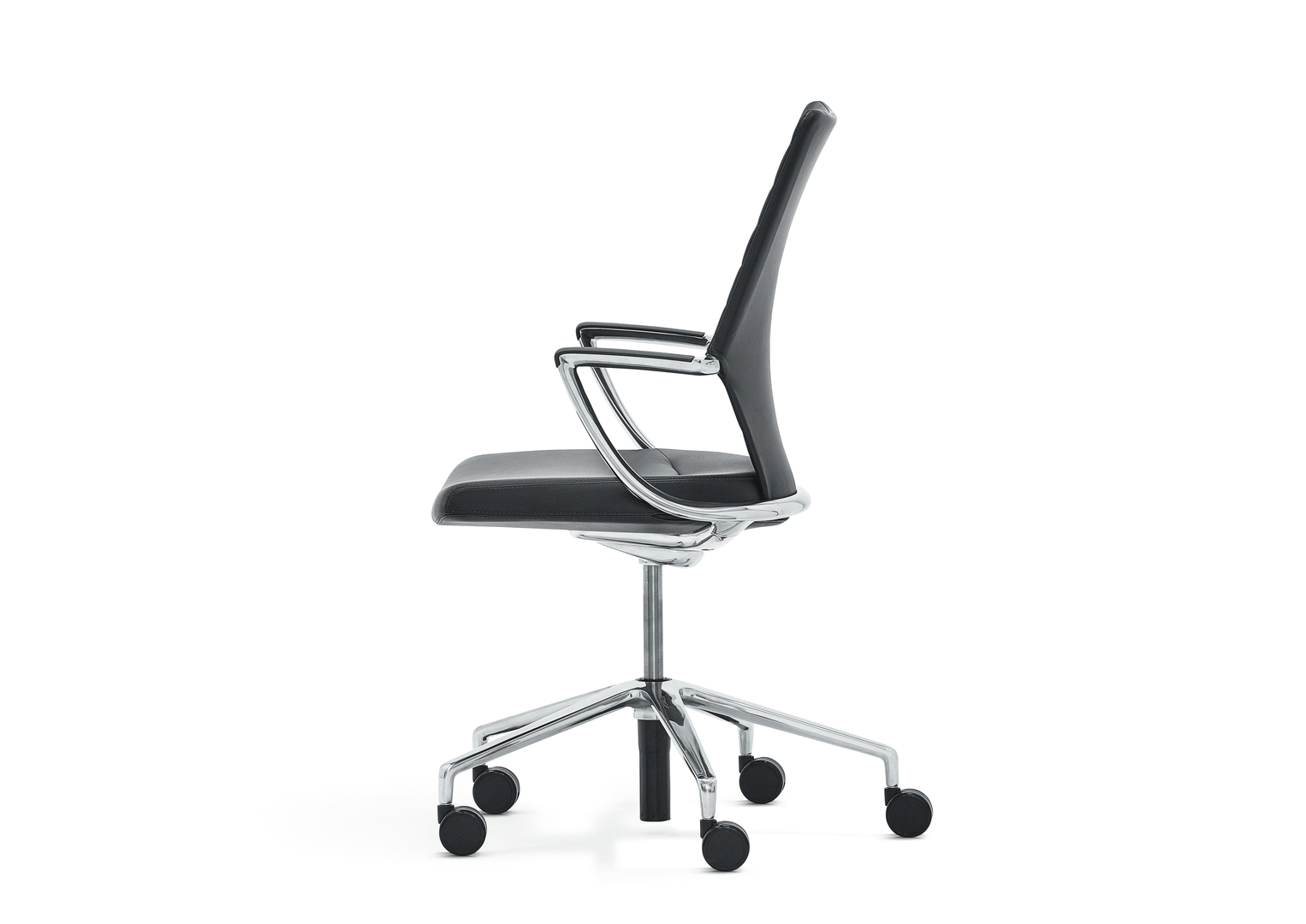 Das Erscheinungsbild von Swurve wird maßgeblich von seinen eleganten Armlehnen bestimmt, die wie eine organische Erweiterung, ausgehend vom Verbindungspunkt hinter der Rückenlehne, wirken. Um die klare Linienführung dieses klimaneutralen Bürostuhls zu betonen, ist die für eine gute Ergonomie notwendige Technik verborgen integriert. So ist sowohl die Spannung zwischen Netzrücken und Rahmen zur Unterstützung der Lendenwirbelsäule als auch der patentierte Syncro-Kippmechanismus, der eine synchrone Bewegung zwischen Sitz und Rücken ermöglicht, für das Auge unsichtbar.
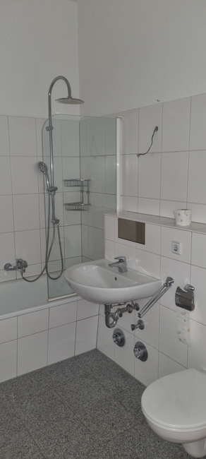 Geräumiges Badezimmer mit Badewanne und Dusche
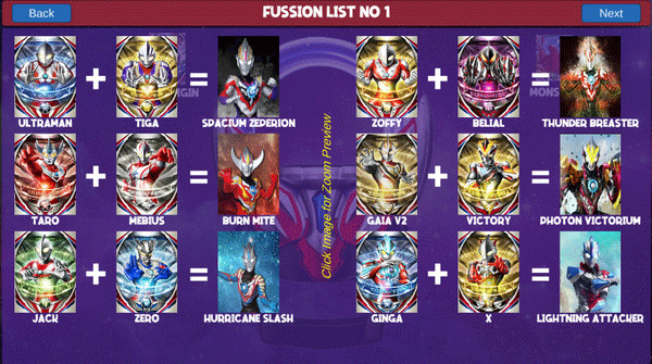 3、点击右侧的奥特融合卡牌,玩家可以任意选一张自己喜欢的奥特曼,卡牌可以互相配合,都会触发不同的技能组合特效~
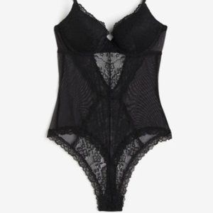 Black Lace Push-Up Thong Bodysuit H&M women's size 34A
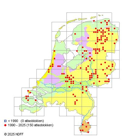 Het aantal atlasblokken (5x5 km) waarin de soort is gemeld binnen een periode van vijf jaar (vanaf 1980) of twintig jaar. Niet gecorrigeerd voor waarnemersinspanning en het aantal doorgegeven waarnemingen kan sterk variëren per periode, dus een trend in verspreiding kan hier niet direct uit worden afgelezen. Het opgegeven jaartal is het eerste jaar van de periode. Bron: gevalideerde waarnemingen uit de NDFF.
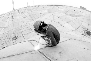 他说,海南国际会展中心屋顶钢结构是国内首创,造型和结构相当特殊。整个会展中心分为上、中、下三层的网架结构,规模大,且构架为网状,由10万多根钢管、3万多个小钢球及3万多块钢板组装而成,而屋顶的钢板网壳则是双曲线波浪型,且弧度大,需要手工切割,致使焊接量大,工序复杂,需要大量的人力,因此,该公司调集了上千工人奋战在施工现场。
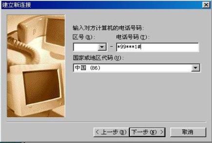 我的电脑拨号网络添加新连接添加新连接选择"标准19200 bps调制解调器",同时在"设置"中选择最快速度为57600点击下一步,在电话号码中输入*99***1#点击下一步完成安装,以后如需要修改以上配置可进入该拨号网络连接的"属性"修改即可
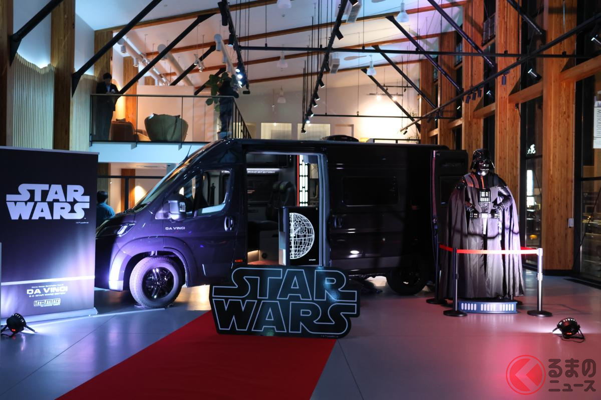 2100万円超え! 斬新「“スターウォーズ”仕様バン」が凄かった! 「ダースベイダー」も乗ってそうな「デュカト」ベースのトイファクトリー「ダ・ヴィンチ」スターウォーズモデルとは
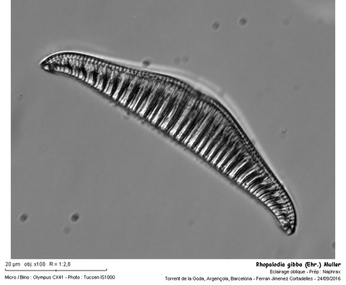 Diatomea de la família de les Epithemiacees, amb dimensions de 60 x 10 µm, 7 costelles transversals en 10 µm, puntuacions en doble fila entre les costelles i de difícil visualització. El rafe està situat just a la vora dorsal de la valva.
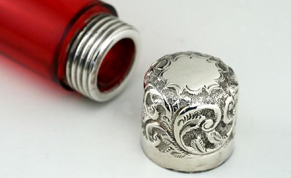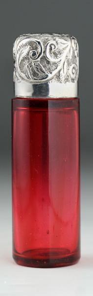 ENQUIRE ABOUT 1892 RUBY GLASS CYLINDER SCENT PERFUME BOTTLE, EMBOSSED SILVER TOP

• [Exercise aim]:
Only the lines starting at the one with "3、点击右侧的奥特融合卡牌,玩家可以任意" and ending at the one with "Black Lace Push-Up" should be printed, each exactly as it appears in the material above; the pictures are to be omitted.

• [Solution to the exercise]:
 3、点击右侧的奥特融合卡牌,玩家可以任意选一张自己喜欢的奥特曼,卡牌可以互相配合,都会触发不同的技能组合特效~
 Black Lace Push-Up Thong Bodysuit H&M women's size 34A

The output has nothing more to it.